Albert Finney gives the part a forceful, primal aggression that seems to capture the spirit of the age. He constantly bubbles with ill-directed resentment, mixed with cynicism and a beery oafishness. He isn’t a “faux” intellectual, like a Jimmy Porter, or a man striving to move up the greasy pole. He’s a chippy, arrogant, slightly lazy man with no interest in self-improvement. He’s also a horrendously selfish character, interested only in his own pleasure – I think it goes without saying his treatment of women doesn’t stand up well. Tied of being preached at about the sacrifices of the war generation (who surround him in the factory), he merely wants to do what he wants, when he wants. Despite his flaws, he seemed to capture the feelings of a post-war generation.

The film was also unique for the themes it addressed. It was pretty much unheard-of for a film to even mention the possibility of abortion. It tackled issues of adultery and pre-marital sex (it’s one of the first films to show a man and woman waking up in the morning in bed together). Its lead character drinks, swears (as much as allowed by the censors) and even takes pot shots at neighbours he doesn’t like with an air gun. All of this of course seems rather tame now – but at the time, it was radical to see someone like this, behaving like this, on screen.

The plot, such as it is, is as aimless in many ways as Arthur himself. Not a lot happens in the film, apart from Arthur constantly pushing to not “let the bastards grind you down”. Of course all the pain in the story actually comes from Arthur’s own actions, not least to Brenda, his occasional mistress. Rachael Roberts is sensational as Brenda – the finest performance in the film – a slightly faded former glamour girl, now older, lonely and whose appeal to Arthur (and his appeal to her) seems as much maternal as it does sexual. Brenda’s a tragic figure, clinging to a fantasy of a life free from her dull husband – but slowly (and sadly) learning that she is looking for something from Arthur he can never give her.

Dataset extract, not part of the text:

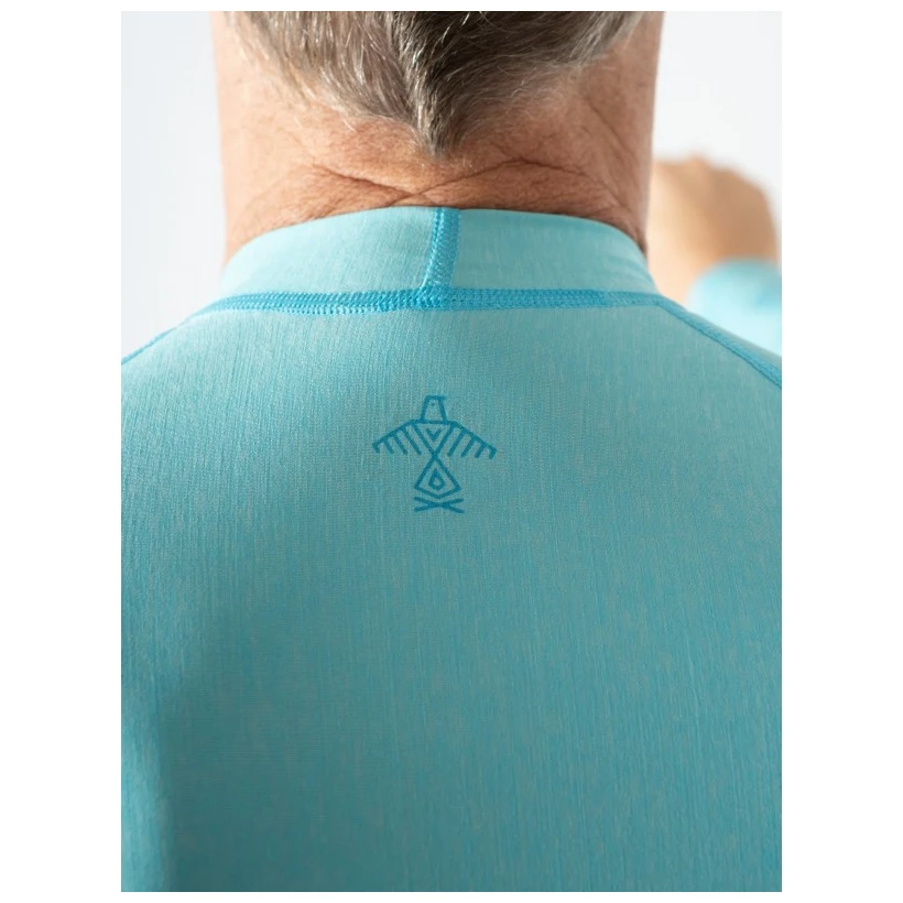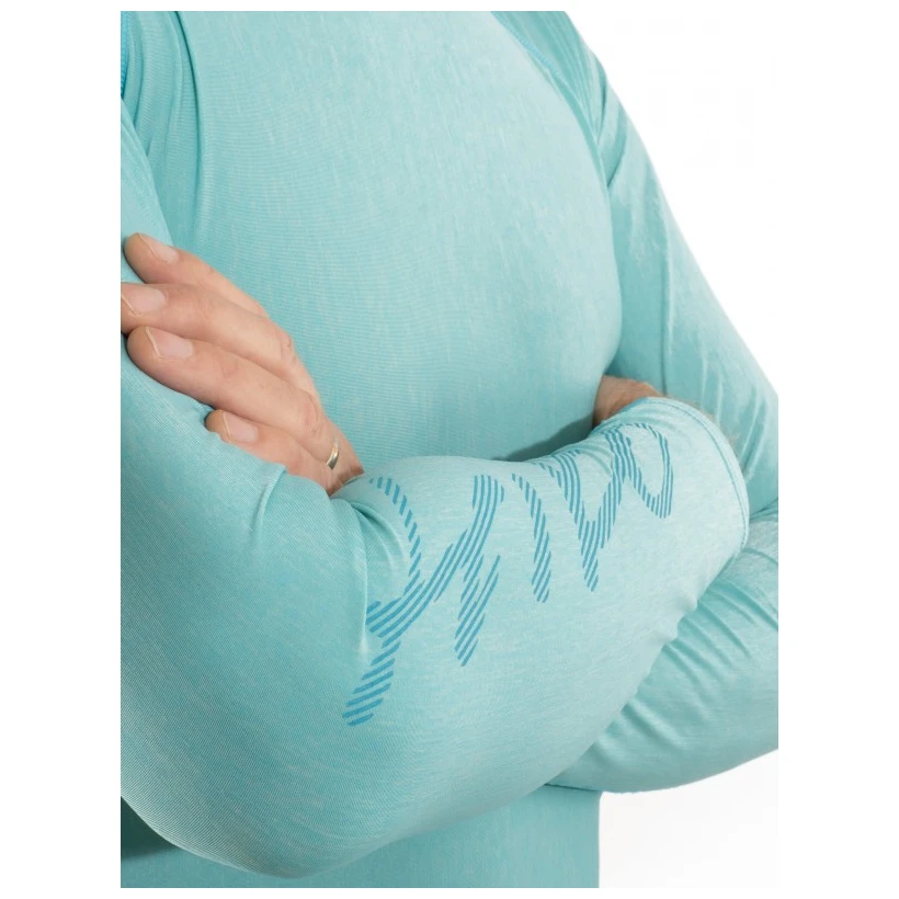 Durch die körperbetonte Schnittführung schmiegt es sich optimal an deinen Körper. Das spezielle DEW-Gewebe besteht aus 100 % recyceltem Material, nimmt nicht so viel Wasser auf, trocknet schnell und bietet den höchstmöglichen Sonnenschutz von UPF 50+. Plüschfasern auf der Innenseite bilden eine isolierende Schicht zwischen Haut und Shirt, so dass das Shirt unter der Jacke angenehm warm ist und den Schweiß nach außen ableitet.

By contrast, Arthur’s other conquest, Doreen, is a far more assured, determined and ambitious woman, closer to his own age. Shirley Anne Field is playful and charming, but in her own way as much besotted with Arthur’s rootless masculinity as Brenda. Unlike Brenda though, she is a determined to get what she wants. Arthur and she eventually seem set to settle down for domesticity on a new-build council estate, a decision Arthur seems to resign himself to (he flings a stone impotently at the new houses, but barely seems to understand why). Even this relationship reinforces Arthur’s emptiness – his aimless rebellion lands him eventually in the very conventional lifestyle he spent the rest of the film pushing back against.

Karel Reisz shoots all this with a documentary realism. Freddie Francis’ brilliant photography gives a new wave, neo-realist romance to the Nottingham streets that reinforces the feeling that we are watching a real slice of life. Of course, today much of this revelatory impact of this is lost – we’ve seen these sort of dramas too many times. Arthur’s rebellion is so ill focused – and his attitudes bordering so heavily on the misogynistic – that it’s a lot harder to sympathise with him today than it would have been back then. However, it captures a moment of history, and a feeling many young people at the time had – that the world they were presented with just didn’t match up with what they wanted from life. A dated classic, but still an important piece of film making.